Officially a nerd: I edited Wikipedia

Though many of you would claim that I’ve been a nerd for a long time, of which claim I will not dispute, I think yesterday I officially inducted myself into nerd-dom. I was reading the Saturn V rocket manual, and I wanted to know a little bit more about the use of retrorockets (small rockets used for slowing down a space vehicle). The Wikipedia article on them claimed that for the Apollo missions, they were not used. So I was like, “hold on, I just read that they were used for backing off the S-IC and S-II stages after booster shutdown.” Consequently, I edited and corrected the page.

Yeah, I’m a nerd. Score.

I’m going to build it

I’ve always been a space nerd, and I’ve always been a computer nerd. Well, now I am going to combine both. I have recently just become completely overcome by my passion for space, and so starting a few days ago, I began planning to build a real-life Apollo spacecraft and mission simulator.

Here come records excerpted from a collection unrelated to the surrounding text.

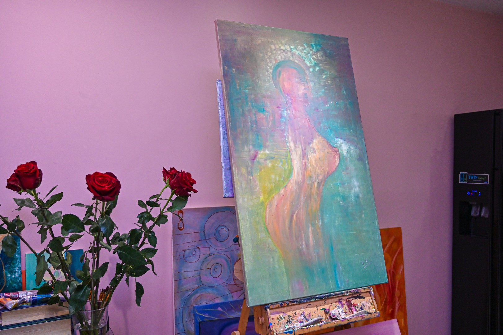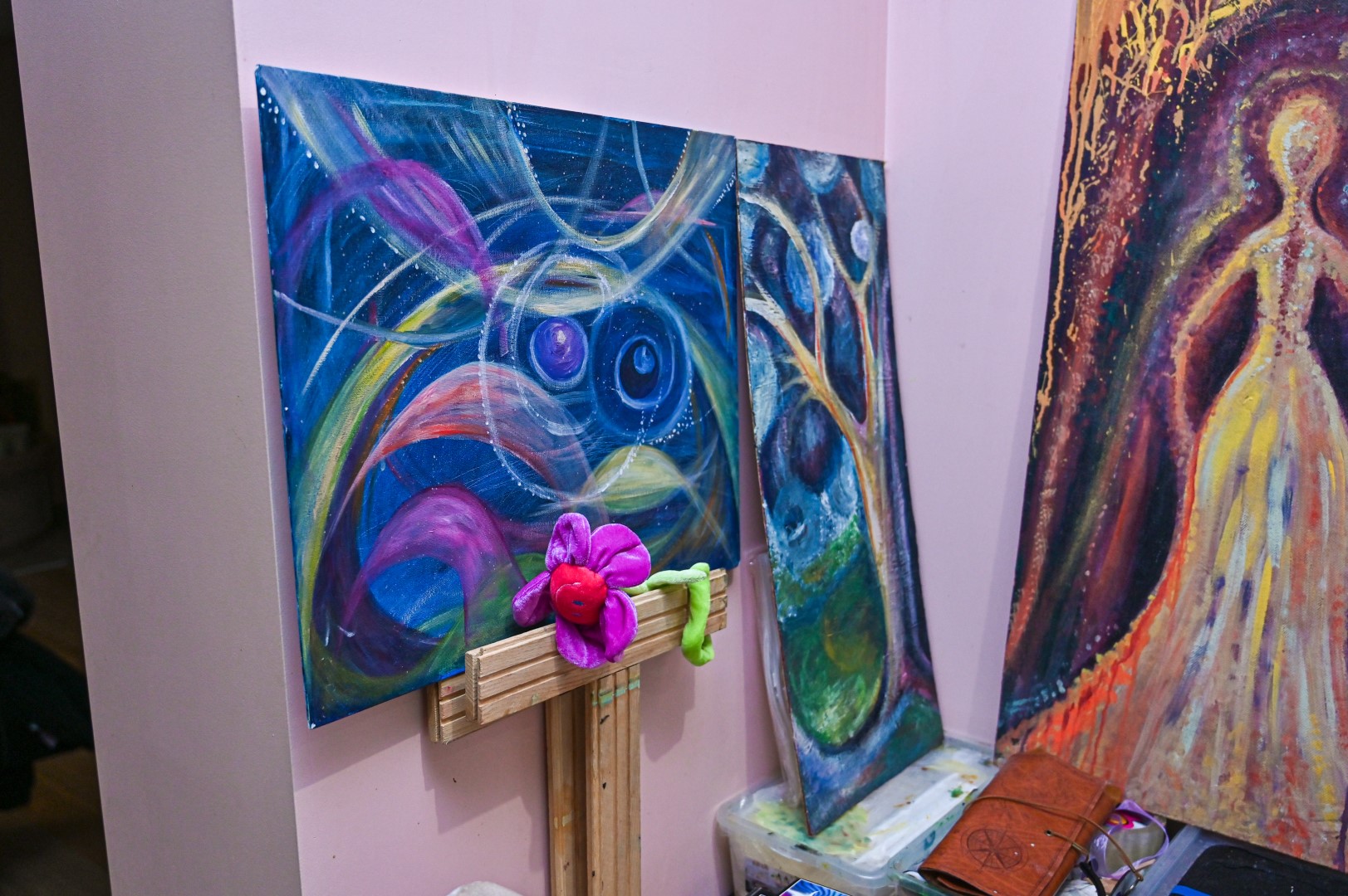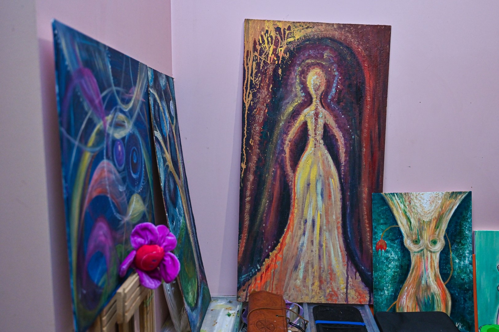Studijoje netapydavau. Visada tik namuose. Man reikia saugios savo erdvės. Tapyba man yra terapija. Prieš paimdama teptuką, užsidegu žvakes, smilkalus, įsijungiu meditacinę muziką. Man reikia, kad tada nieko nebūtų aplinkui.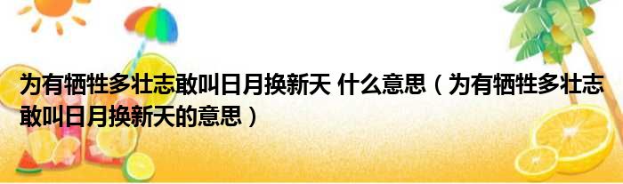导读 大家好,小东方来为大家解答以上的问题。为有牺牲多壮志敢叫日月换新天 什么意思,为有牺牲多壮志敢叫日月换新天的意思这个很多人还不知道,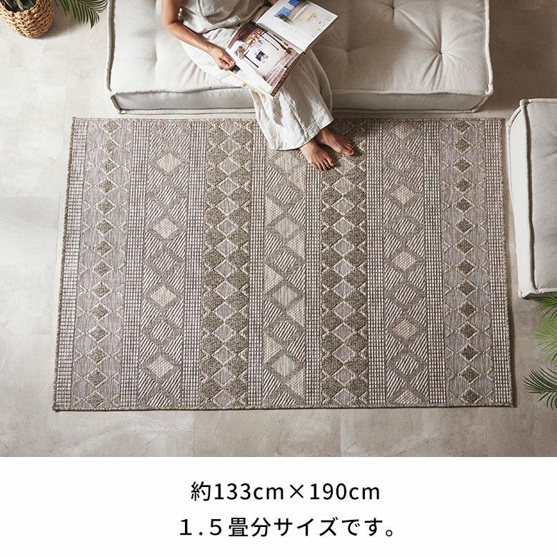 ・リビングはもちろん、ダイニングテーブル下など幅広くお使いいただけるサイズ(約133×190cm)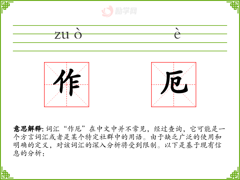 由于“作厄”不是一个标准汉语词汇,对其的理解和应用受到限制。在语言学习和表达中,了解和使用标准汉语词汇更为重要。如果遇到类似的不明确词汇,建议寻求具体的语境和背景信息,以便更好地理解和使用。
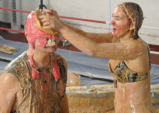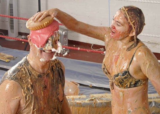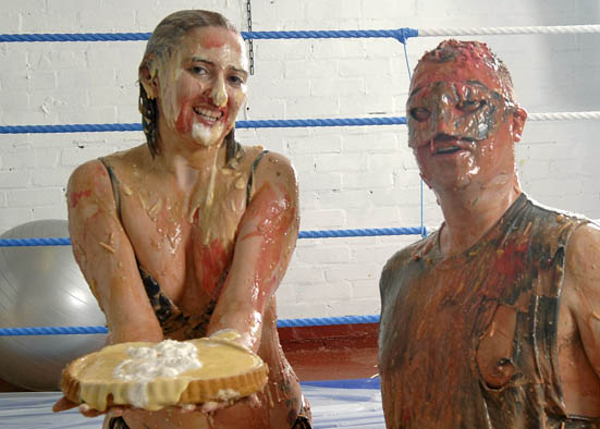 Photos - As we have access to bigger studios now the photos taken under the MessClubSeven handle will be a group effort with me as the camera guy making sure everything working ok. Pic 133 that MuckyPup mentioned with the pie splat caught in motion was one of several taken by the lovely Phoenix. As she will be in the ring for our next big shoot we will try our best to do more pictures like that one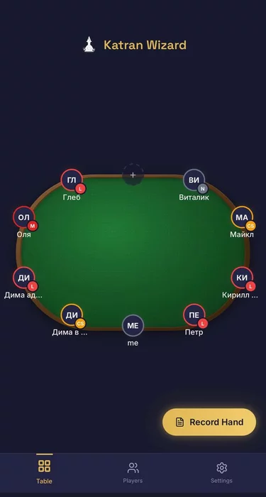 Покерный стол на 10 мест, тыкаешь на место, садишь игрока.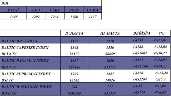 BDI geçen hafta da düşüşüne devam ederek 233 puan kaybıyla % 17 geriledi, Cuma günkü kapanış 1137 oldu. Bu hafta endeksin 1000 puanın altına inmesine kesin gözüyle bakılıyor. Geçen hafta bütün tonaj gruplarında ağır kayıplar görüldü. En büyük düşüş % 19 ile panamax endeksinde oldu. 2008 sonları ve 2009 yılı başlarından bu yana görülmeyen laid up uygulamasını bazı armatörlerin tekrar düşündüğü söyleniyor.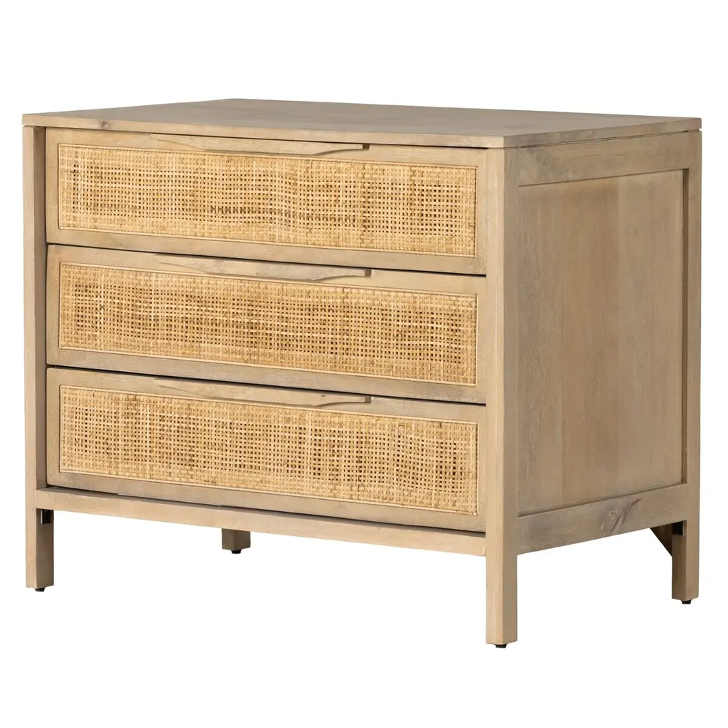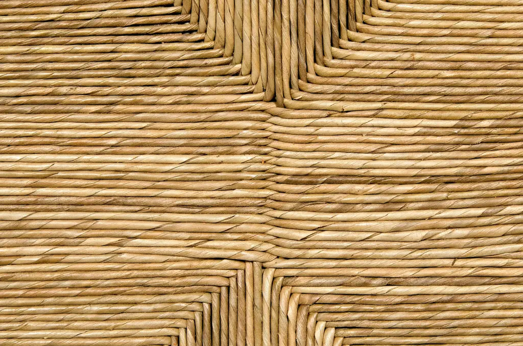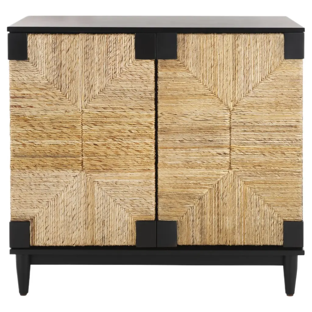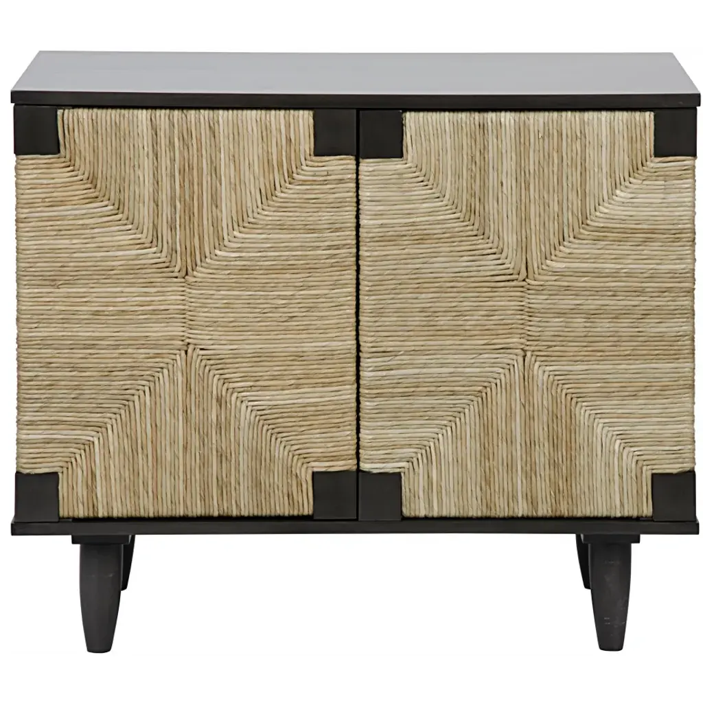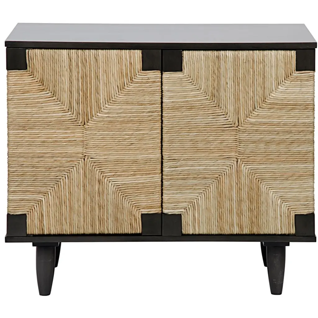 Solid mahogany pairs beautifully with natural sea grass in this updated classic. Designed to provide for maximum display space across the mahogany top, it also features two generous lower compartments with one fixed shelf each.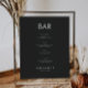 Este cartaz de menu de casamento imprimível do DIY apresenta uma fonte escrita à mão e um design moderno minimalista. Este Modelo de Sinal de Bar Negra de Casamento é perfeito para você se você estiver buscando uma Sinalização de Casamento Editável bonito e fácil de usar.

Now this process is going to be a long road, and I have a feeling it may be years before it’s completed. But that never stopped anyone from doing something they were passionate about, right? The project will take three distinct stages:

  1. Research: Building a simulator requires that you ’simulate’ an actual working object. In this case, I have to simulate how the Command Module of the Saturn V rocket series will travel from land to space, around space, and then back. This is going to require a pretty extensive knowledge of the spacecraft, including most of its systems and procedures. One of my goals for the simulator is that every button in my simulator will affect the state of the simulator. Now this phase not only will include researching the spacecraft, but researching and understanding the physics and dynamics of space flight, definitely on a simple level. I will have to have a grasp of such topics as energy conservation, equations of motion, power, time derivation of kinetic energy systems, and the Tsiolokovsky rocket equation, just to name a few. A lot to learn, so I better get started!
  2. Software: After getting a good grasp on the mathematics and technicality surrounding the Apollo missions, I need to actually write the software that will simulate all of the variables and systems. In terms of time, this will probably be the longest stage. Most likely, I will have to write a ton of software to get the simulator using concepts of distributed computing, since I don’t think my MacBook Pro alone will be able to compute all the necessary pieces hundreds of times a second needed to achieve a realistic simulator. So if you’ve got any old Macs you want to send me, I would totally appreciate it!
  3. Hardware: The last stage of the simulator building process is building a physical simulator that will interface with my software in order to make gauges show values and to access and mutate the simulation model. I have a sickening feeling this will be an extremely expensive part of the process (since both stages up to this point are free), and also one requiring a divine expertise in electrical engineering. If you know anyone who wants to help, please send their name along.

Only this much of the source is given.